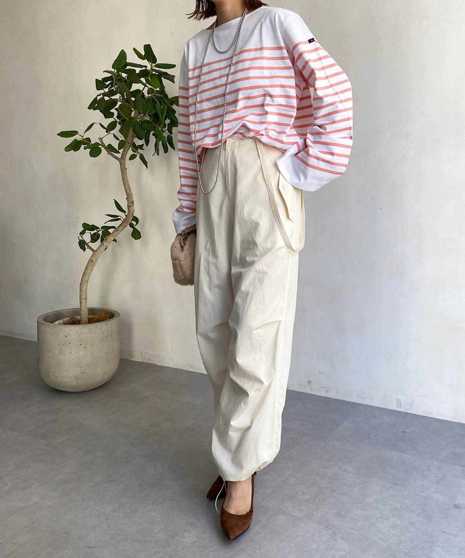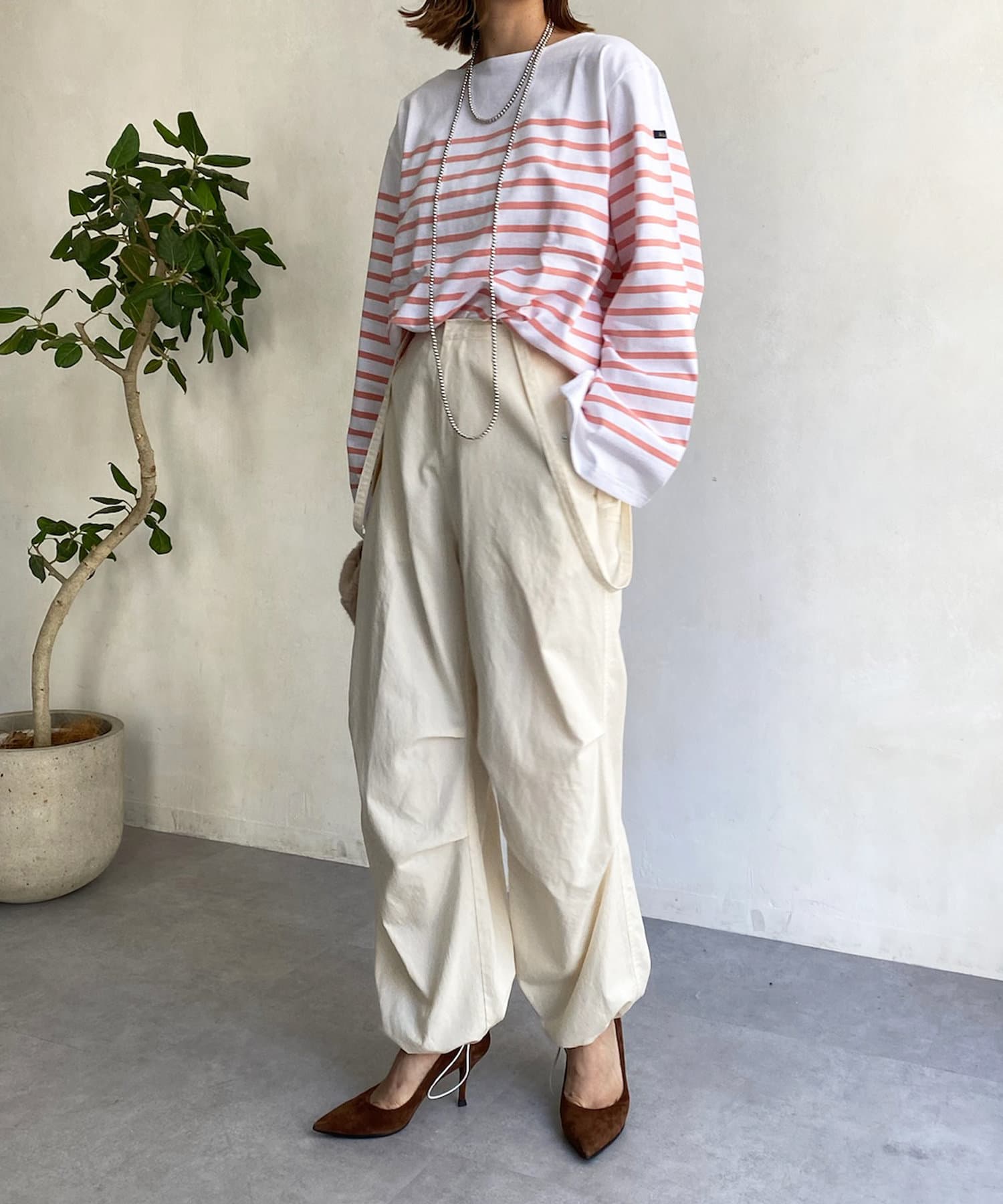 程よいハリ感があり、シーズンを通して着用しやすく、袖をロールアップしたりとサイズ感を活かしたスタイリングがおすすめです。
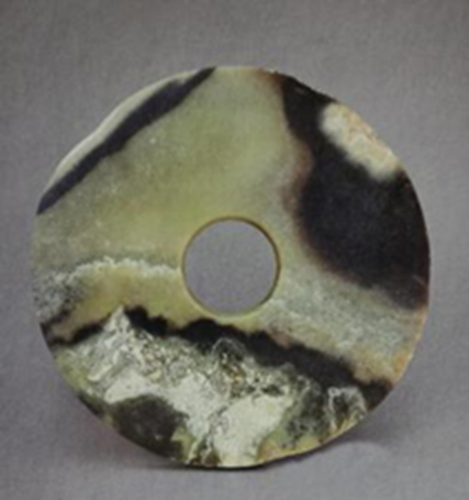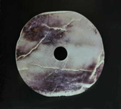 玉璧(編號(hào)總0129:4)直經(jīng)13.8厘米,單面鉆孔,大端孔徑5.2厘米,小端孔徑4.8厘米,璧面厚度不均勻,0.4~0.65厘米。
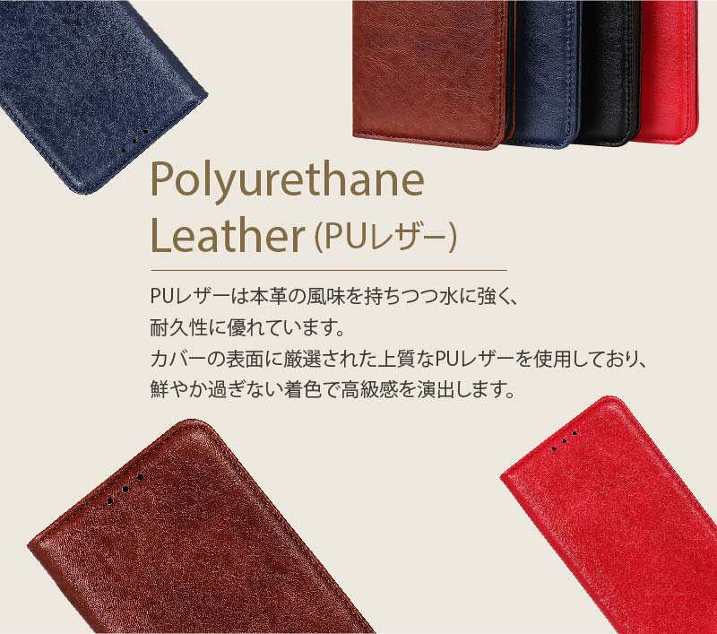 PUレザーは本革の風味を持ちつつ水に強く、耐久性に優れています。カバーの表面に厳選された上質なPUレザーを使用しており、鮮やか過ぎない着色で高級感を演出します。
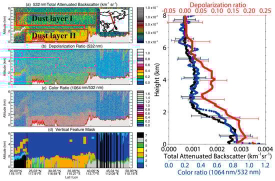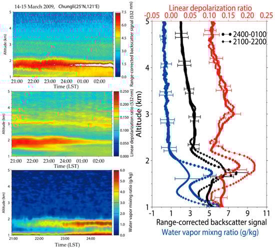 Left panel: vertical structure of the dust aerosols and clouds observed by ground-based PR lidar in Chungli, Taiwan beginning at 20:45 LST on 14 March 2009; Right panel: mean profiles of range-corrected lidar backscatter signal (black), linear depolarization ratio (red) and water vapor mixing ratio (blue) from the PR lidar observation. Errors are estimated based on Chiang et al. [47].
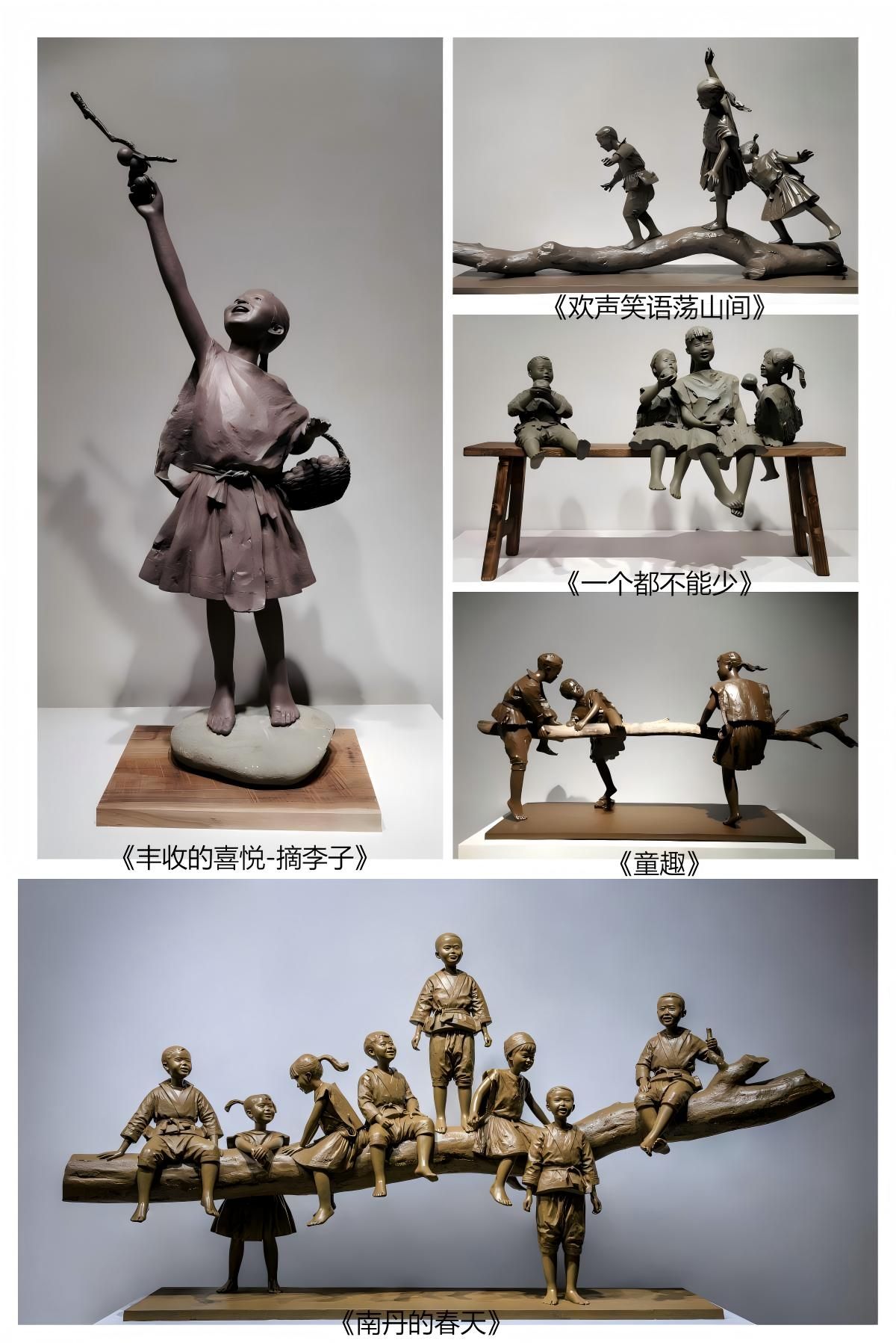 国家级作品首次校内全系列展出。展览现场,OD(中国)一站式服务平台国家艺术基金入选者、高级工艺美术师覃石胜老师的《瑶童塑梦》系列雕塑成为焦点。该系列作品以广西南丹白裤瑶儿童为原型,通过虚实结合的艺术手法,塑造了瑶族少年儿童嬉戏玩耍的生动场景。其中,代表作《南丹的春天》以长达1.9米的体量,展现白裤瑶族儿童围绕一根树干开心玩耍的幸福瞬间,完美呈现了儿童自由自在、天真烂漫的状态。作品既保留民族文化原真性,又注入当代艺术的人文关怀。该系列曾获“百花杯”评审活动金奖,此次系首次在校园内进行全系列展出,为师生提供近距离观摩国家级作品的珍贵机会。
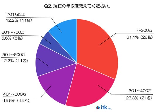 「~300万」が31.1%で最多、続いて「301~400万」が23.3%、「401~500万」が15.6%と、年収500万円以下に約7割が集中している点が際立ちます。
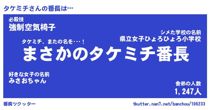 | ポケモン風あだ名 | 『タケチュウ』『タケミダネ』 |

☆ ☆ ☆ ☆ ☆ ☆ ☆

**Activity**:
Set down every entry above verbatim, without pictures.

**Answer to the exercise**:
 程よいハリ感があり、シーズンを通して着用しやすく、袖をロールアップしたりとサイズ感を活かしたスタイリングがおすすめです。
 玉璧(編號(hào)總0129:4)直經(jīng)13.8厘米,單面鉆孔,大端孔徑5.2厘米,小端孔徑4.8厘米,璧面厚度不均勻,0.4~0.65厘米。
 PUレザーは本革の風味を持ちつつ水に強く、耐久性に優れています。カバーの表面に厳選された上質なPUレザーを使用しており、鮮やか過ぎない着色で高級感を演出します。
 Left panel: vertical structure of the dust aerosols and clouds observed by ground-based PR lidar in Chungli, Taiwan beginning at 20:45 LST on 14 March 2009; Right panel: mean profiles of range-corrected lidar backscatter signal (black), linear depolarization ratio (red) and water vapor mixing ratio (blue) from the PR lidar observation. Errors are estimated based on Chiang et al. [47].
 国家级作品首次校内全系列展出。展览现场,OD(中国)一站式服务平台国家艺术基金入选者、高级工艺美术师覃石胜老师的《瑶童塑梦》系列雕塑成为焦点。该系列作品以广西南丹白裤瑶儿童为原型,通过虚实结合的艺术手法,塑造了瑶族少年儿童嬉戏玩耍的生动场景。其中,代表作《南丹的春天》以长达1.9米的体量,展现白裤瑶族儿童围绕一根树干开心玩耍的幸福瞬间,完美呈现了儿童自由自在、天真烂漫的状态。作品既保留民族文化原真性,又注入当代艺术的人文关怀。该系列曾获“百花杯”评审活动金奖,此次系首次在校园内进行全系列展出,为师生提供近距离观摩国家级作品的珍贵机会。
 「~300万」が31.1%で最多、続いて「301~400万」が23.3%、「401~500万」が15.6%と、年収500万円以下に約7割が集中している点が際立ちます。
 | ポケモン風あだ名 | 『タケチュウ』『タケミダネ』 |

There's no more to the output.